Amnesty: Gaza mass graves show need for independent investigations
Erika Guevara Rosas, senior official at the NGO Amnesty International, has issued a statement on the discovery of mass graves holding hundreds of Palestinian bodies in the Gaza Strip.
More than 300 bodies have been uncovered so far from Nasser Medical Complex in Khan Younis after Israeli forces withdrew on April 7. The UN Human Rights Council on Tuesday said more bodies were found at Gaza City’s al-Shifa Hospital, the enclave’s largest health facility, which the rights body said was “an empty shell” after a two-week Israeli siege ended there on April 1.
“The harrowing discovery of these mass graves underscores the urgency of ensuring immediate access for human rights investigators, including forensic experts, to the occupied Gaza Strip to ensure that evidence is preserved”, the Amnesty official said.
“Lack of access for human rights investigators to Gaza has hampered effective investigations into the full scale of the human rights violations and crimes under international law committed over the past six months, allowing for the documentation of just a tiny fraction of these abuses,” she added.
Euro-Med calls for international probe into mass graves found in Gaza
The Euro-Mediterranean Human Rights Monitor has joined numerous rights groups and nations in calling for an independent investigation into the discovery of dozens of mass graves in Gaza.

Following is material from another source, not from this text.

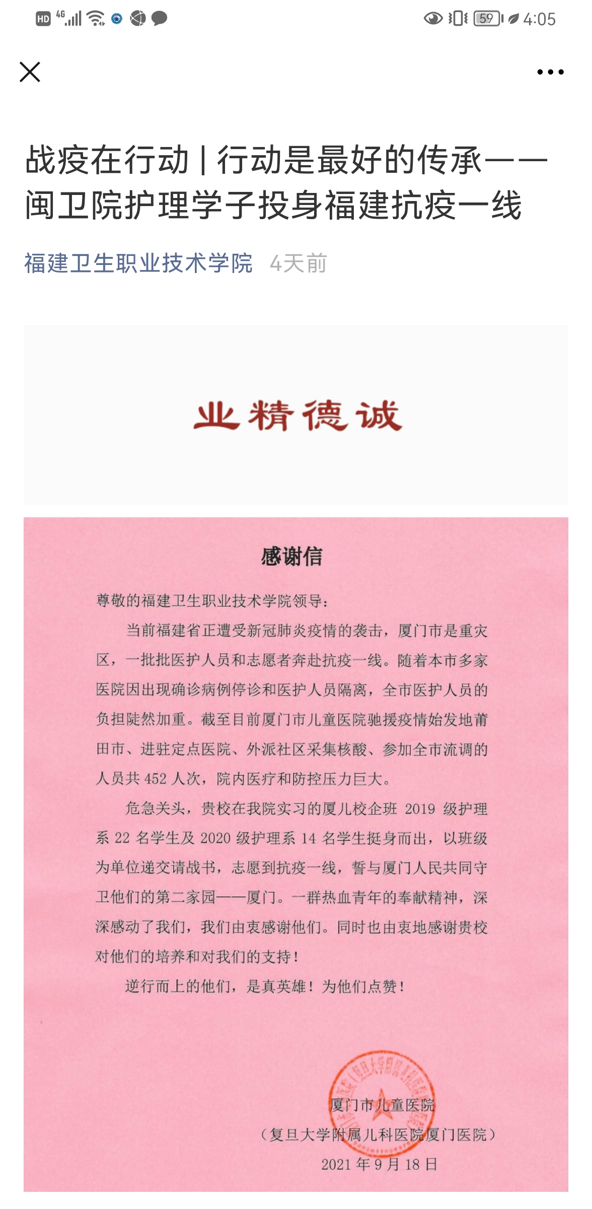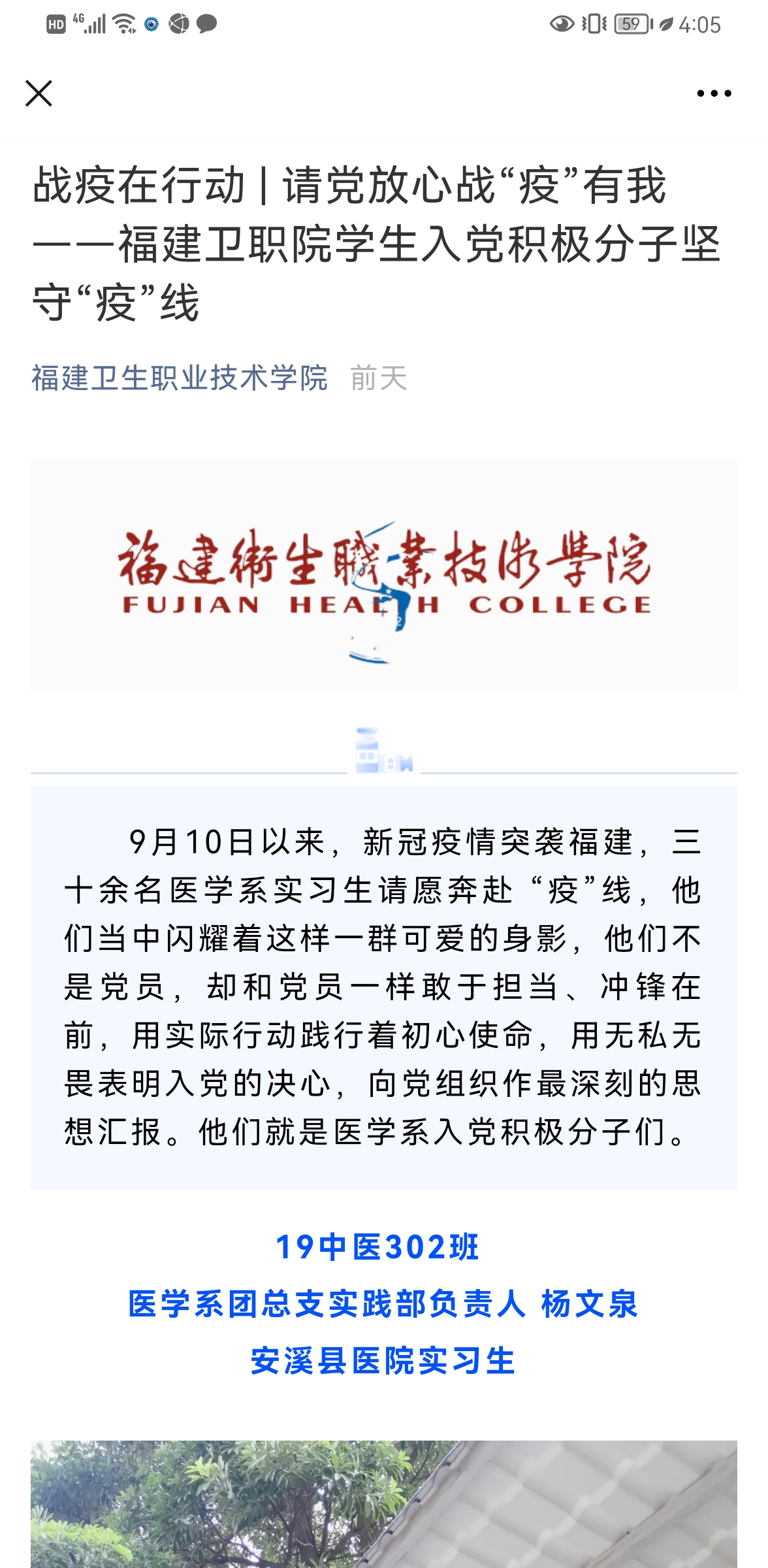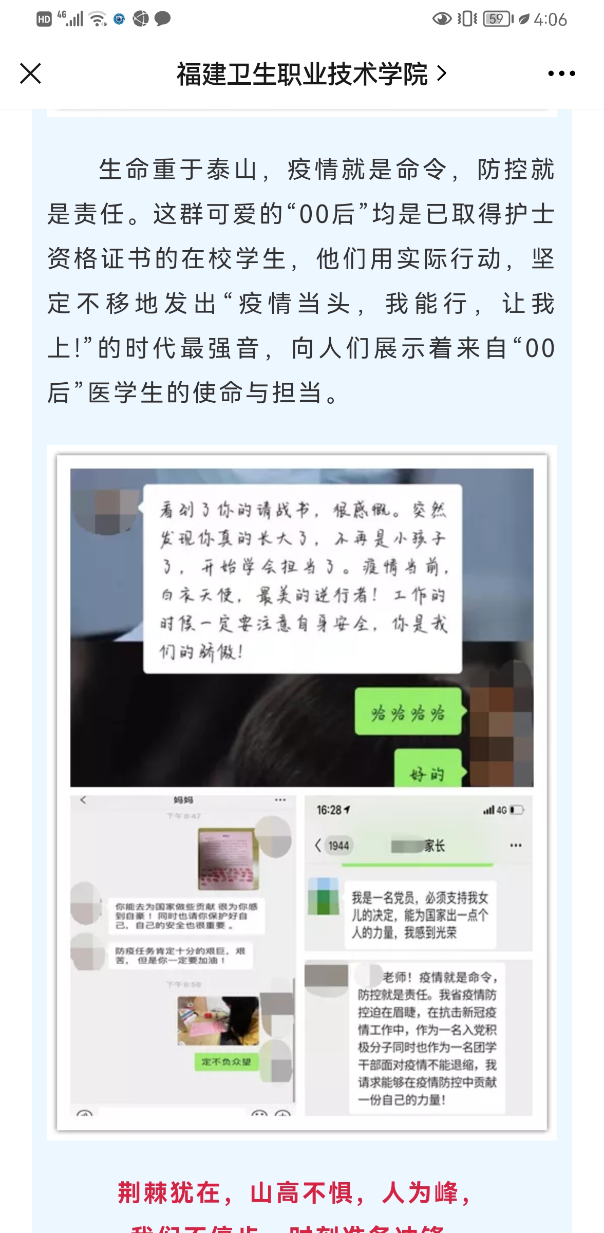 為進(jìn)一步引導(dǎo)未來的醫(yī)藥衛(wèi)生工作者正確面對(duì)疫情,積極號(hào)召同學(xué)們學(xué)習(xí)白衣天使們“疫”往無前,勇于擔(dān)當(dāng)?shù)木瘛H]o導(dǎo)員積極了解廣大實(shí)習(xí)生和畢業(yè)校友參加抗“疫”的故事和先進(jìn)事跡,依托校院兩級(jí)新媒體平臺(tái)廣泛宣傳,不斷堅(jiān)定青年學(xué)子的信心,進(jìn)一步弘揚(yáng)愛國奮斗精神,引導(dǎo)學(xué)生把“小我”融入“大我”,勤奮學(xué)習(xí),刻苦鉆研,上好疫情防控這堂思想政治大課。

It said its team members on the ground had witnessed the exhumation of hundreds of bodies found in the vicinity of Gaza City’s al-Shifa Hospital and saw victims “handcuffed … who were executed”.
In a statement, Euro-Med said the high number of bodies that have been recovered is “alarming, and requires urgent international action, including the formation of an independent international investigation committee”.

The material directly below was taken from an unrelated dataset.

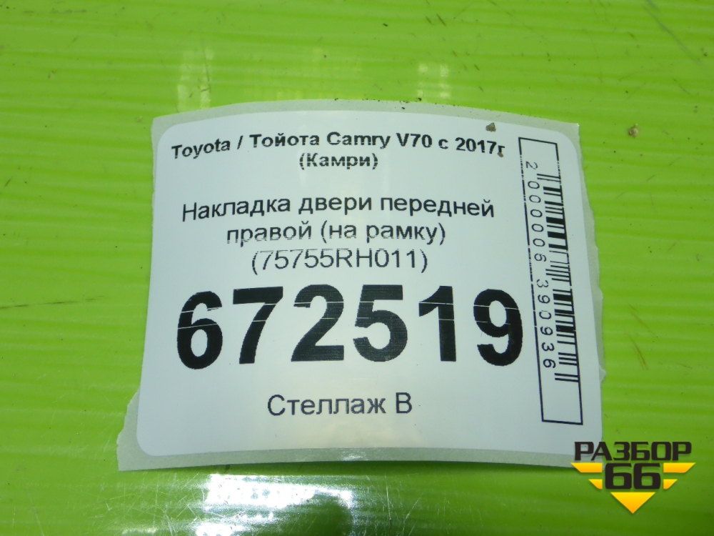Накладка двери передней правой (на рамку) (75755RH011) для Toyota Camry V70 с 2017г (Камри) в Краснодаре
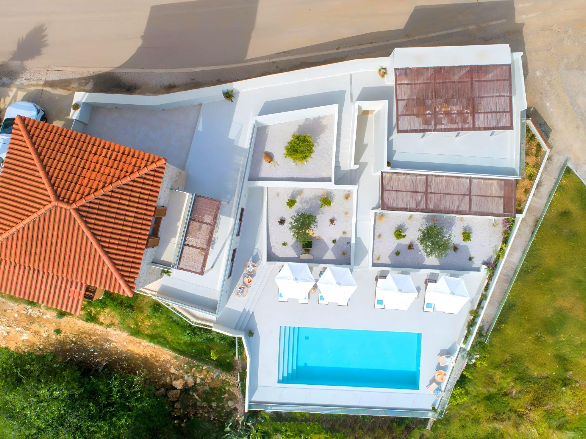 Das Äußere der Soluna Villa ist ebenso beeindruckend wie ihr Inneres. Das Highlight ist zweifelsohne der große Swimmingpool, der den Gästen zur alleinigen Nutzung zur Verfügung steht. Er ist von einer großzügigen Terrasse umgeben, die mit Sonnenliegen ausgestattet ist, ideal für Tage, an denen man die griechische Sonne genießen kann. Der Grillplatz ist ideal für diejenigen, die gerne im Freien essen, und ist ein großartiger Ort, um Freunde oder Familie zu einem kulinarischen Festmahl unter dem Sternenhimmel zu versammeln. Das freistehende Haus gewährleistet absolute Privatsphäre für Ihre Gruppe und bietet eine persönliche Oase abseits des Trubels.

Many of those who lost their lives were subjected to “premeditated murder as well as arbitrary and extrajudicial executions while they were detained and handcuffed”, it added.
UN spokesperson says ‘all parties’ must agree to mass graves investigation
The deputy spokesperson for the head of the UN, Farhan Haq, says “all of the parties” who have the power to allow investigators access into Gaza must agree to any potential independent probe into the mass graves discovered in the vicinity of Gaza’s two largest hospitals.
More than 300 bodies have been recovered so far from mass graves at Khan Younis’s Nasser Hospital, and more than 380 bodies have been recovered from Gaza City’s al-Shifa Medical Complex, according to civil defence crews. International outcry and demands from an independent probe are quickly growing.
“For any investigations to be effective, all of the parties in the area that control access sufficient to conduct investigations would need to agree to it,” Haq told Al Jazeera, when questioned at a press briefing by our reporter Gabriel Elizondo. This means Israel, which has been widely accused of being responsible for the mass graves, must agree to cooperate with the investigation.
“There’s always difficulties in terms of places where conflict has occurred, to get the access we need, but ultimately for any investigation to be meaningful, you need that access,” Haq said. Haq reiterated that an “independent, effective and transparent investigation” into the killings at Nasser and al-Shifa hospitals must be conducted.
Good luck with that. Asking the one that committed the war crimes to cooperate with the investigation... Has Israel cooperated with any investigations since or before October 7th? They don't allow international investigators to look into what happened on Oct 7, they won't allow investigating their own crimes either.
The UN needs a peacekeeping force in Gaza to deter the IDF. It's clear Israel will not cooperate with anything until the USA pulls out. The US doesn't want an independent investigation either, they're fine asking Israel to cook up some explanation.